A leitura nos faz questionar sobre o quanto os programas de saúde na escola podem reconhecer os determinantes sociais nos processos de saúde e doença. Em uma revisão integrativa sobre o tema, Lopes et al. 8 não encontraram estudos que abordassem temáticas como meio ambiente ou articulação com as redes sociais, incluindo a comunidade escolar ou o sistema de saúde, na superação das vulnerabilidades enfrentadas por jovens participantes do PSE.
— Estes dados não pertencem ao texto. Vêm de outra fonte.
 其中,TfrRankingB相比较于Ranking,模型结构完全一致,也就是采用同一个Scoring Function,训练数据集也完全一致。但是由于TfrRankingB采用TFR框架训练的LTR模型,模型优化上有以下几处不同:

Com relação ao tema intersetorialidade, tão caro e importante nessa produção e que perpassa toda a discussão do livro, destaca-se, no território escolar, o papel do PSE como um importante espaço para a articulação das equipes de atenção básica com os profissionais de educação, proporcionando a sustentabilidade das ações valendo-se da conformação de redes de responsabilidade compartilhada sobre o território. As ações de promoção da saúde e prevenção de doenças e agravos realizadas no PSE visam a garantir oportunidade a todos os educandos de fazer escolhas mais saudáveis e de serem protagonistas do processo de produção da própria saúde. O autor nos permite considerar como o programa procura fomentar uma gestão coletiva e participativa das ações, buscando garantir educação e saúde integrais com base na participação dos profissionais, dos educandos e da comunidade.
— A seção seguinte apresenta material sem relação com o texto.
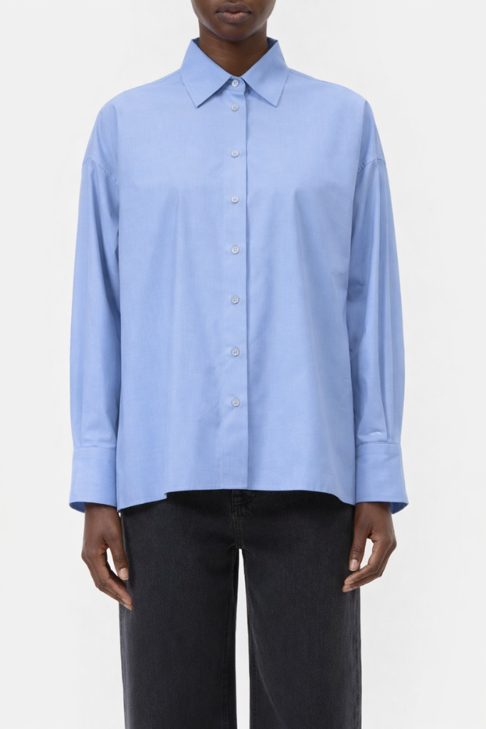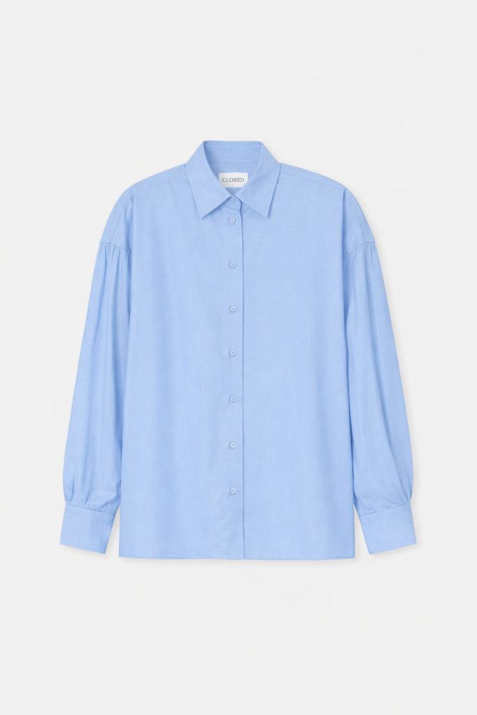 Account aanmakenDe Closed Cape Shirt Blouse in sky blue is een elegante en luchtige blouse, gemaakt van 100% katoen in hoogwaardige light cotton fil à fil kwaliteit. Door het fijne garenverfproces heeft de stof een subtiele textuur en een schone, verfijnde uitstraling. De relaxed fit met A‑shape en verlaagde schouders zorgt voor een moeiteloze, comfortabele pasvorm.

É relevante destacar que durante a apresentação de todo o processo metodológico pode-se apreender o quão preciosa foi a capacitação em serviço para o alcance dos melhores resultados, mobilizando todos e permitindo ao Programa sua evolução. Isso permite a reflexão sobre a sustentabilidade de um programa como esse, uma vez que parece ser um grande desafio o de formar os/as formadores/as de professores/as, os/as professores/as e os/as diretores/as das escolas, gestores nestas áreas, e de criar contextos para que o seu desenvolvimento profissional integre a visão de que todos/as eles/as são educadores/as.
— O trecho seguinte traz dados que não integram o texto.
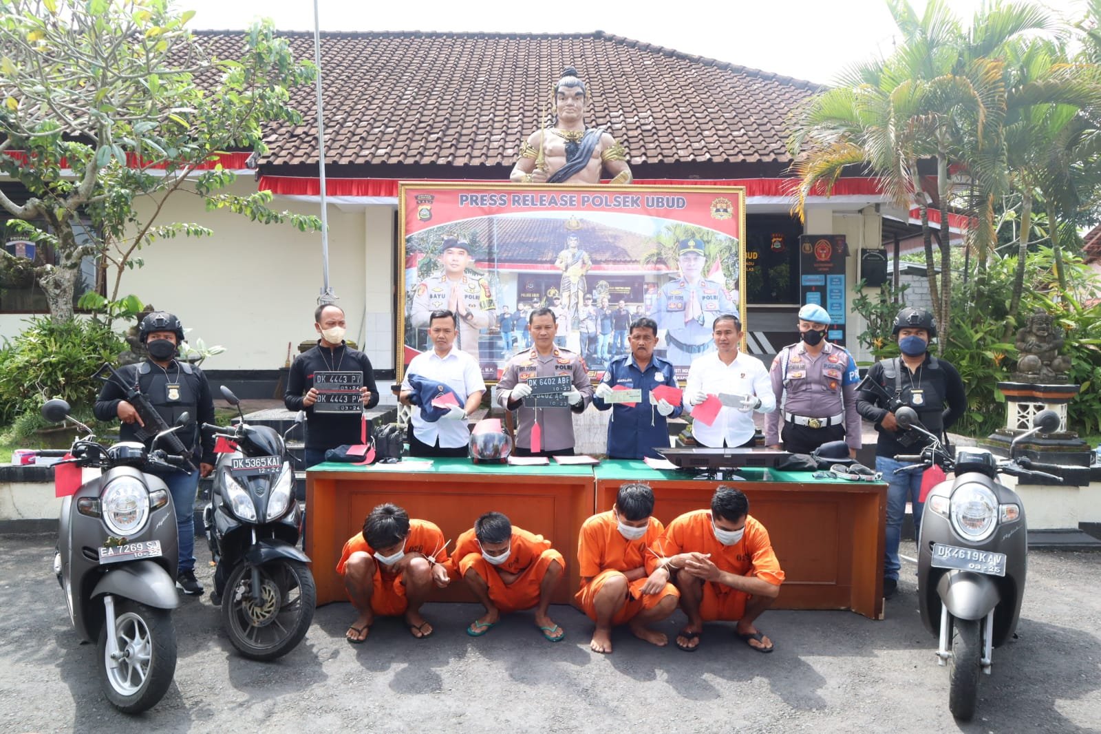 Kapolsek Ubud Kompol I Gusti Ngurah Yudistira, didampingi Kanit Reskrim Polsek Ubud Iptu Ngakan Ketut Erawan, serta Kasi Humas Polres Gianyar AKP I Nyoman Hendrajaya mengatakan bahwa dalam press release ini petugas menghadirkan tersangka sebanyak 4 orang, dari 4 laporan kasus tindak pidana.

No entanto, baseando-se na leitura evidenciamos a carência de articulação entre os setores para o planejamento e execução das ações do Programa, de modo que compromete a intersetorialidade e a integralidade das ações de saúde, resultando em ações com foco biológico e alcance limitado na promoção da saúde, prevenção e assistência à saúde. Outros aspectos que foram importantes/relevantes são a formação de professores na área de saúde; o pouco envolvimento dos pais e da comunidade nas tomadas de decisões.

O livro, além da brilhante apresentação da construção do processo do PSE, nos permitindo percorrer a trajetória de cada etapa do Programa, tem o mérito de nos alertar sobre o enorme desafio que ainda temos pela frente, sejamos profissionais da saúde ou da educação, de avançar nas ações intersetoriais buscando articular ações a grupos específicos, como a promoção da saúde no ambiente escolar.

Referências

1.   Figueiredo TAM, Machado VLT, Abreu MMS. A saúde na escola: um breve resgate histórico. Ciênc Saúde Colet 2010; 15:397-402.
2.   Silva CS. Escola promotora de saúde: uma nova forma de fazer saúde escolar. In: Lopez FA, Campos Junior D, organizadores. Tratado de pediatria. Barueri: Manole; 2007. p. 289-98.
3.   World Health Organization. Health promotion glossary. Geneva: World Health Organization; 1998. (WHO/HPR/HEP/98.1).
4.   Organização das Nações Unidas. Transformando nosso mundo: a Agenda 2030 para desenvolvimento sustentável. https://nacoesunidas.org/pos2015/agenda2030/ (acessado em 06/Jan/2020).
5.   World Health Organization. School and youth health: what is a health promoting school? School and youth health: what is a health promoting school? http://www.who.int/school_youth_health/gshi/hps/en/ (acessado em 06/Jun/2020).
6.   Silva CS, Bodstein RCA. Referencial teórico sobre práticas intersetoriais em Promoção da Saúde na Escola. Ciênc Saúde Colet 2016; 21:1777-88.
7.   World Health Organization. Healthy settings. http://www.who.int/healthy_settings/en/ (acessado em 06/Jan/2020).
8.   Lopes IE, Nogueira JAD, Rocha DG. Eixos de ação do Programa Saúde na Escola e promoção da saúde: revisão integrativa. Saúde Debate 2018; 42:773-89.